What is required » As you print the data below, keep every line exactly as it is and leave the images behind.

Supplied data »

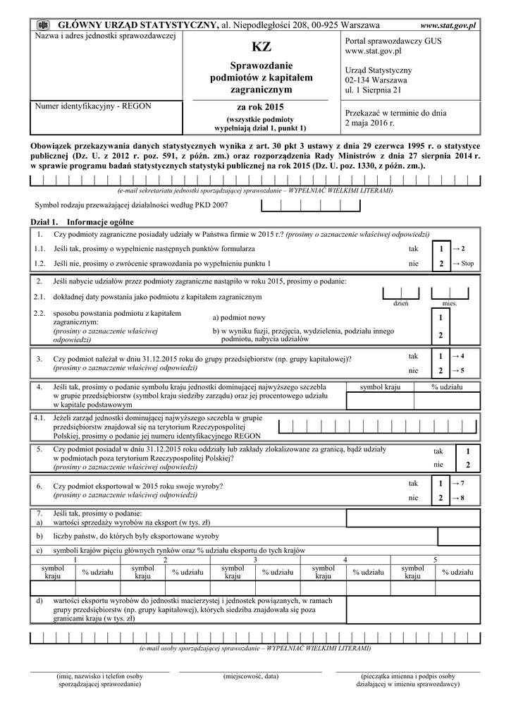 GŁÓWNY URZĄD STATYSTYCZNY, al. Niepodległości 208, 00-925 Warszawa Nazwa i adres jednostki sprawozdawczej KZ Sprawozdanie podmiotów z kapitałem zagranicznym za rok 2015 Numer identyfikacyjny - REGON (wszystkie podmioty wypełniają dział 1, punkt 1) www.stat.gov.pl Portal sprawozdawczy GUS www.stat.gov.pl Urząd Statystyczny 02-134 Warszawa ul. 1 Sierpnia 21 Przekazać w terminie do dnia 2 maja 2016 r. Obowiązek przekazywania danych statystycznych wynika z art. 30 pkt 3 ustawy z dnia 29 czerwca 1995 r. o statystyce publicznej (Dz. U. z 2012 r. poz. 591, z późn. zm.) oraz rozporządzenia Rady Ministrów z dnia 27 sierpnia 2014 r. w sprawie programu badań statystycznych statystyki publicznej na rok 2015 (Dz. U. poz. 1330, z późn. zm.). (e-mail sekretariatu jednostki sporządzającej sprawozdanie – WYPEŁNIAĆ WIELKIMI LITERAMI) Symbol rodzaju przeważającej działalności według PKD 2007 Dział 1. 1. Informacje ogólne Czy podmioty zagraniczne posiadały udziały w Państwa firmie w 2015 r.? (prosimy o zaznaczenie właściwej odpowiedzi) 1.1. Jeśli tak, prosimy o wypełnienie następnych punktów formularza tak 1 →2 1.2. Jeśli nie, prosimy o zwrócenie sprawozdania po wypełnieniu punktu 1 nie 2 → Stop 2. Jeśli nabycie udziałów przez podmioty zagraniczne nastąpiło w roku 2015, prosimy o podanie: 2.1. dokładnej daty powstania jako podmiotu z kapitałem zagranicznym 2.2. sposobu powstania podmiotu z kapitałem zagranicznym: (prosimy o zaznaczenie właściwej odpowiedzi) 3. 4. 4.1. 5. 6. dzień mies. a) podmiot nowy 1 b) w wyniku fuzji, przejęcia, wydzielenia, podziału innego podmiotu, nabycia udziałów 2 Czy podmiot należał w dniu 31.12.2015 roku do grupy przedsiębiorstw (np. grupy kapitałowej)? (prosimy o zaznaczenie właściwej odpowiedzi) Jeśli tak, prosimy o podanie symbolu kraju jednostki dominującej najwyższego szczebla w grupie przedsiębiorstw (symbol kraju siedziby zarządu) oraz jej procentowego udziału w kapitale podstawowym tak 1 →4 nie 2 →5 % udziału symbol kraju Jeżeli zarząd jednostki dominującej najwyższego szczebla w grupie przedsiębiorstw znajdował się na terytorium Rzeczypospolitej Polskiej, prosimy o podanie jej numeru identyfikacyjnego REGON Czy podmiot posiadał w dniu 31.12.2015 roku oddziały lub zakłady zlokalizowane za granicą, bądź udziały w podmiotach poza terytorium Rzeczypospolitej Polskiej? (prosimy o zaznaczenie właściwej odpowiedzi) Czy podmiot eksportował w 2015 roku swoje wyroby? (prosimy o zaznaczenie właściwej odpowiedzi) 7. a) Jeśli tak, prosimy o podanie: wartości sprzedaży wyrobów na eksport (w tys. zł) b) liczby państw, do których były eksportowane wyroby symboli krajów pięciu głównych rynków oraz % udziału eksportu do tych krajów 1 2 3 symbol symbol symbol symbol % udziału % udziału % udziału kraju kraju kraju kraju tak 1 nie 2 tak 1 →7 nie 2 →8 c) d) 4 5 % udziału symbol kraju % udziału wartości eksportu wyrobów do jednostki macierzystej i jednostek powiązanych, w ramach grupy przedsiębiorstw (np. grupy kapitałowej), których siedziba znajdowała się poza granicami kraju (w tys. zł) (e-mail osoby sporządzającej sprawozdanie – WYPEŁNIAĆ WIELKIMI LITERAMI) (imię, nazwisko i telefon osoby sporządzającej sprawozdanie) (miejscowość, data) (pieczątka imienna i podpis osoby działającej w imieniu sprawozdawcy) 8. Czy podmiot eksportował w 2015 roku swoje usługi? (prosimy o zaznaczenie właściwej odpowiedzi) 9. Jeśli tak, prosimy o podanie: a) wartości sprzedaży usług na eksport (w tys. zł) b) liczby państw, do których były eksportowane usługi symboli krajów pięciu głównych rynków oraz % udziału eksportu do tych krajów 1 2 3 symbol symbol symbol symbol % udziału % udziału % udziału kraju kraju kraju kraju tak 1 → 9 nie 2 → 10 c) d) wartości eksportu usług do jednostki macierzystej i jednostek powiązanych, w ramach grupy przedsiębiorstw (np. grupy kapitałowej), których siedziba znajdowała się poza granicami kraju (w tys. zł) 10. Czy podmiot eksportował w 2015 roku towary lub materiały? (prosimy o zaznaczenie właściwej odpowiedzi) 11. a) b) 4 5 % udziału symbol kraju % udziału tak 1 → 11 nie 2 → 12 Jeśli tak, prosimy o podanie: wartości sprzedaży towarów i materiałów na eksport (w tys. zł) liczby państw, do których były eksportowane towary i materiały symboli krajów pięciu głównych rynków oraz % udziału eksportu do tych krajów 1 2 3 symbol symbol symbol symbol % udziału % udziału % udziału kraju kraju kraju kraju c) d) wartości eksportu towarów i materiałów do jednostki macierzystej i jednostek powiązanych, w ramach grupy przedsiębiorstw (np. grupy kapitałowej), których siedziba znajdowała się poza granicami kraju (w tys. zł) 12. Czy podmiot dokonywał w 2015 roku zakupów z importu? (prosimy o zaznaczenie właściwej odpowiedzi) 4 5 % udziału symbol kraju % udziału tak 1 → 13 nie 2 → 14 tak 1 → 15 nie 2 → 16 tak 1 → 17 nie 2 → dział 2 13. Jeśli tak, prosimy o podanie: 13.1. wartości zakupów z importu ogółem (w tys. zł) w tym: a) import surowców, materiałów i półfabrykatów przeznaczonych na cele produkcyjne b) import towarów przeznaczonych do dalszej odsprzedaży c) import usług d) import środków trwałych z wartości 13.1 przypada na: 13.2. wartość importu od jednostki macierzystej i jednostek powiązanych w ramach grupy przedsiębiorstw (np. grupy kapitałowej) 14. Czy podmiot poniósł w 2015 r. nakłady na pozyskanie aktywów trwałych w Polsce? (prosimy o zaznaczenie właściwej odpowiedzi) 15. Jeśli tak, prosimy o podanie wartości nakładów poniesionych w Polsce w 2015 r. 16. Czy podmiot poniósł w 2015 r. nakłady na pozyskanie aktywów trwałych zlokalizowanych i pozostających za granicą (nie uwzględniając importu)? (prosimy o zaznaczenie właściwej odpowiedzi) 17. Jeśli tak, prosimy o podanie wartości nakładów poniesionych z
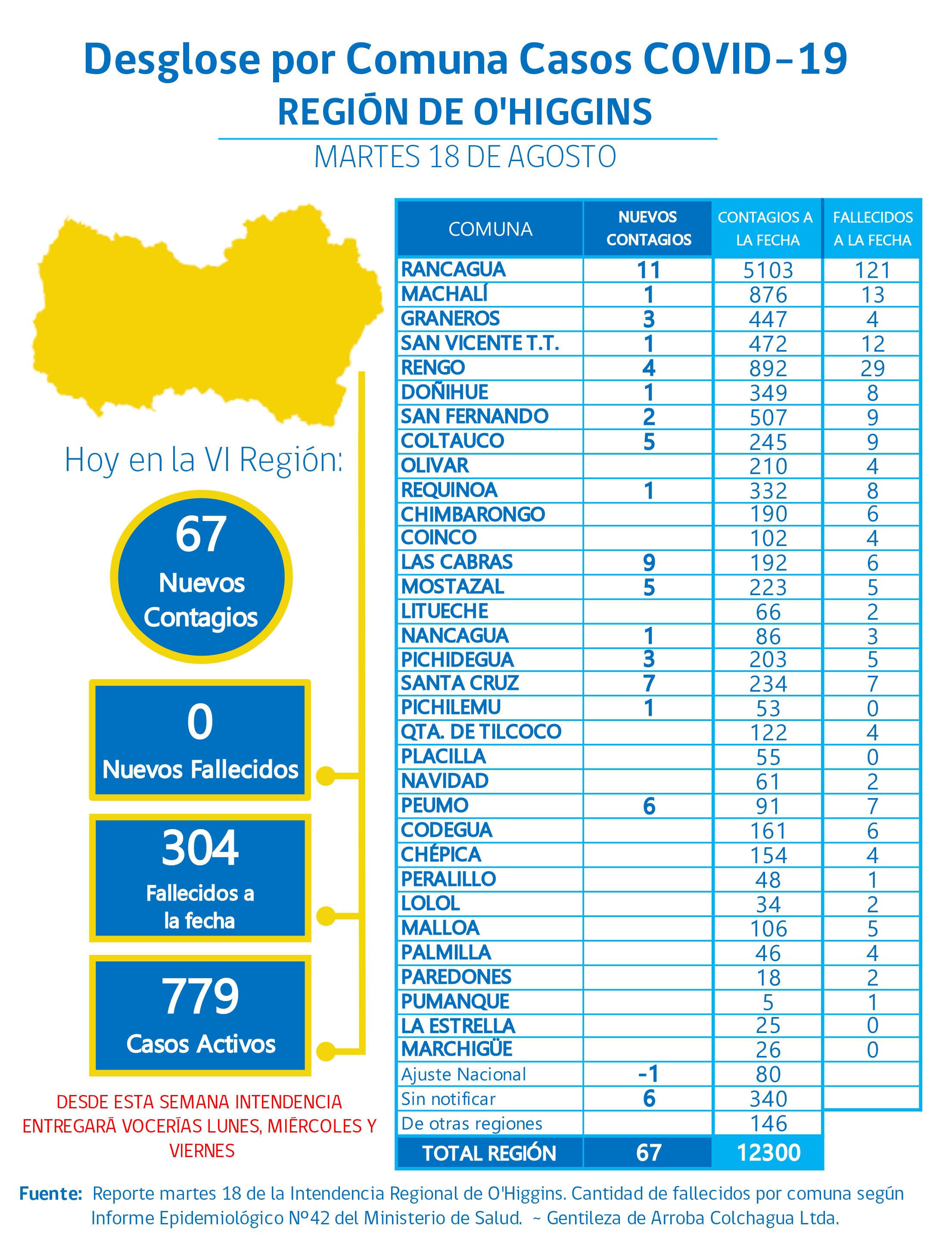 Ayer martes, se dio a conocer un nuevo reporte sobre la situación del Covid-19 en la región de O’Higgins, el cual registró 67 nuevos casos (42 sintomáticos, 19 asintomáticos y seis sin notificar), dando un total de 12.300 contagiados a la fecha, mientras que la cifra de fallecidos se mantiene en 304, ya que no se reportaron muertes por la enfermedad en el informe.
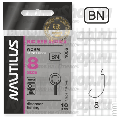 Крючок офсетный Nautilus Offset Big Eye Series Worm 1006. Прочный кованый крючок, отличающийся тонкой прово- локой и прямым жалом. Идеально подходит для оснащения деликатных силиконовых приманок. Для увеличения степе- ней свободы и подвижности в оснастке, крючок имеет ушко увеличенного диаметра.
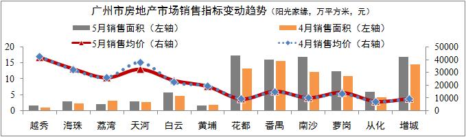 住宅銷售市場企穩(wěn)回升。網簽數據:5月份廣州市住宅銷售套數為8735套,環(huán)比增長17.2%;銷售面積為102.37萬平方,環(huán)比增長22.3%;銷售均價為14232元/平方,環(huán)比小幅下降2.1%。

Response »
 GŁÓWNY URZĄD STATYSTYCZNY, al. Niepodległości 208, 00-925 Warszawa Nazwa i adres jednostki sprawozdawczej KZ Sprawozdanie podmiotów z kapitałem zagranicznym za rok 2015 Numer identyfikacyjny - REGON (wszystkie podmioty wypełniają dział 1, punkt 1) www.stat.gov.pl Portal sprawozdawczy GUS www.stat.gov.pl Urząd Statystyczny 02-134 Warszawa ul. 1 Sierpnia 21 Przekazać w terminie do dnia 2 maja 2016 r. Obowiązek przekazywania danych statystycznych wynika z art. 30 pkt 3 ustawy z dnia 29 czerwca 1995 r. o statystyce publicznej (Dz. U. z 2012 r. poz. 591, z późn. zm.) oraz rozporządzenia Rady Ministrów z dnia 27 sierpnia 2014 r. w sprawie programu badań statystycznych statystyki publicznej na rok 2015 (Dz. U. poz. 1330, z późn. zm.). (e-mail sekretariatu jednostki sporządzającej sprawozdanie – WYPEŁNIAĆ WIELKIMI LITERAMI) Symbol rodzaju przeważającej działalności według PKD 2007 Dział 1. 1. Informacje ogólne Czy podmioty zagraniczne posiadały udziały w Państwa firmie w 2015 r.? (prosimy o zaznaczenie właściwej odpowiedzi) 1.1. Jeśli tak, prosimy o wypełnienie następnych punktów formularza tak 1 →2 1.2. Jeśli nie, prosimy o zwrócenie sprawozdania po wypełnieniu punktu 1 nie 2 → Stop 2. Jeśli nabycie udziałów przez podmioty zagraniczne nastąpiło w roku 2015, prosimy o podanie: 2.1. dokładnej daty powstania jako podmiotu z kapitałem zagranicznym 2.2. sposobu powstania podmiotu z kapitałem zagranicznym: (prosimy o zaznaczenie właściwej odpowiedzi) 3. 4. 4.1. 5. 6. dzień mies. a) podmiot nowy 1 b) w wyniku fuzji, przejęcia, wydzielenia, podziału innego podmiotu, nabycia udziałów 2 Czy podmiot należał w dniu 31.12.2015 roku do grupy przedsiębiorstw (np. grupy kapitałowej)? (prosimy o zaznaczenie właściwej odpowiedzi) Jeśli tak, prosimy o podanie symbolu kraju jednostki dominującej najwyższego szczebla w grupie przedsiębiorstw (symbol kraju siedziby zarządu) oraz jej procentowego udziału w kapitale podstawowym tak 1 →4 nie 2 →5 % udziału symbol kraju Jeżeli zarząd jednostki dominującej najwyższego szczebla w grupie przedsiębiorstw znajdował się na terytorium Rzeczypospolitej Polskiej, prosimy o podanie jej numeru identyfikacyjnego REGON Czy podmiot posiadał w dniu 31.12.2015 roku oddziały lub zakłady zlokalizowane za granicą, bądź udziały w podmiotach poza terytorium Rzeczypospolitej Polskiej? (prosimy o zaznaczenie właściwej odpowiedzi) Czy podmiot eksportował w 2015 roku swoje wyroby? (prosimy o zaznaczenie właściwej odpowiedzi) 7. a) Jeśli tak, prosimy o podanie: wartości sprzedaży wyrobów na eksport (w tys. zł) b) liczby państw, do których były eksportowane wyroby symboli krajów pięciu głównych rynków oraz % udziału eksportu do tych krajów 1 2 3 symbol symbol symbol symbol % udziału % udziału % udziału kraju kraju kraju kraju tak 1 nie 2 tak 1 →7 nie 2 →8 c) d) 4 5 % udziału symbol kraju % udziału wartości eksportu wyrobów do jednostki macierzystej i jednostek powiązanych, w ramach grupy przedsiębiorstw (np. grupy kapitałowej), których siedziba znajdowała się poza granicami kraju (w tys. zł) (e-mail osoby sporządzającej sprawozdanie – WYPEŁNIAĆ WIELKIMI LITERAMI) (imię, nazwisko i telefon osoby sporządzającej sprawozdanie) (miejscowość, data) (pieczątka imienna i podpis osoby działającej w imieniu sprawozdawcy) 8. Czy podmiot eksportował w 2015 roku swoje usługi? (prosimy o zaznaczenie właściwej odpowiedzi) 9. Jeśli tak, prosimy o podanie: a) wartości sprzedaży usług na eksport (w tys. zł) b) liczby państw, do których były eksportowane usługi symboli krajów pięciu głównych rynków oraz % udziału eksportu do tych krajów 1 2 3 symbol symbol symbol symbol % udziału % udziału % udziału kraju kraju kraju kraju tak 1 → 9 nie 2 → 10 c) d) wartości eksportu usług do jednostki macierzystej i jednostek powiązanych, w ramach grupy przedsiębiorstw (np. grupy kapitałowej), których siedziba znajdowała się poza granicami kraju (w tys. zł) 10. Czy podmiot eksportował w 2015 roku towary lub materiały? (prosimy o zaznaczenie właściwej odpowiedzi) 11. a) b) 4 5 % udziału symbol kraju % udziału tak 1 → 11 nie 2 → 12 Jeśli tak, prosimy o podanie: wartości sprzedaży towarów i materiałów na eksport (w tys. zł) liczby państw, do których były eksportowane towary i materiały symboli krajów pięciu głównych rynków oraz % udziału eksportu do tych krajów 1 2 3 symbol symbol symbol symbol % udziału % udziału % udziału kraju kraju kraju kraju c) d) wartości eksportu towarów i materiałów do jednostki macierzystej i jednostek powiązanych, w ramach grupy przedsiębiorstw (np. grupy kapitałowej), których siedziba znajdowała się poza granicami kraju (w tys. zł) 12. Czy podmiot dokonywał w 2015 roku zakupów z importu? (prosimy o zaznaczenie właściwej odpowiedzi) 4 5 % udziału symbol kraju % udziału tak 1 → 13 nie 2 → 14 tak 1 → 15 nie 2 → 16 tak 1 → 17 nie 2 → dział 2 13. Jeśli tak, prosimy o podanie: 13.1. wartości zakupów z importu ogółem (w tys. zł) w tym: a) import surowców, materiałów i półfabrykatów przeznaczonych na cele produkcyjne b) import towarów przeznaczonych do dalszej odsprzedaży c) import usług d) import środków trwałych z wartości 13.1 przypada na: 13.2. wartość importu od jednostki macierzystej i jednostek powiązanych w ramach grupy przedsiębiorstw (np. grupy kapitałowej) 14. Czy podmiot poniósł w 2015 r. nakłady na pozyskanie aktywów trwałych w Polsce? (prosimy o zaznaczenie właściwej odpowiedzi) 15. Jeśli tak, prosimy o podanie wartości nakładów poniesionych w Polsce w 2015 r. 16. Czy podmiot poniósł w 2015 r. nakłady na pozyskanie aktywów trwałych zlokalizowanych i pozostających za granicą (nie uwzględniając importu)? (prosimy o zaznaczenie właściwej odpowiedzi) 17. Jeśli tak, prosimy o podanie wartości nakładów poniesionych z
 Ayer martes, se dio a conocer un nuevo reporte sobre la situación del Covid-19 en la región de O’Higgins, el cual registró 67 nuevos casos (42 sintomáticos, 19 asintomáticos y seis sin notificar), dando un total de 12.300 contagiados a la fecha, mientras que la cifra de fallecidos se mantiene en 304, ya que no se reportaron muertes por la enfermedad en el informe.
 Крючок офсетный Nautilus Offset Big Eye Series Worm 1006. Прочный кованый крючок, отличающийся тонкой прово- локой и прямым жалом. Идеально подходит для оснащения деликатных силиконовых приманок. Для увеличения степе- ней свободы и подвижности в оснастке, крючок имеет ушко увеличенного диаметра.
 住宅銷售市場企穩(wěn)回升。網簽數據:5月份廣州市住宅銷售套數為8735套,環(huán)比增長17.2%;銷售面積為102.37萬平方,環(huán)比增長22.3%;銷售均價為14232元/平方,環(huán)比小幅下降2.1%。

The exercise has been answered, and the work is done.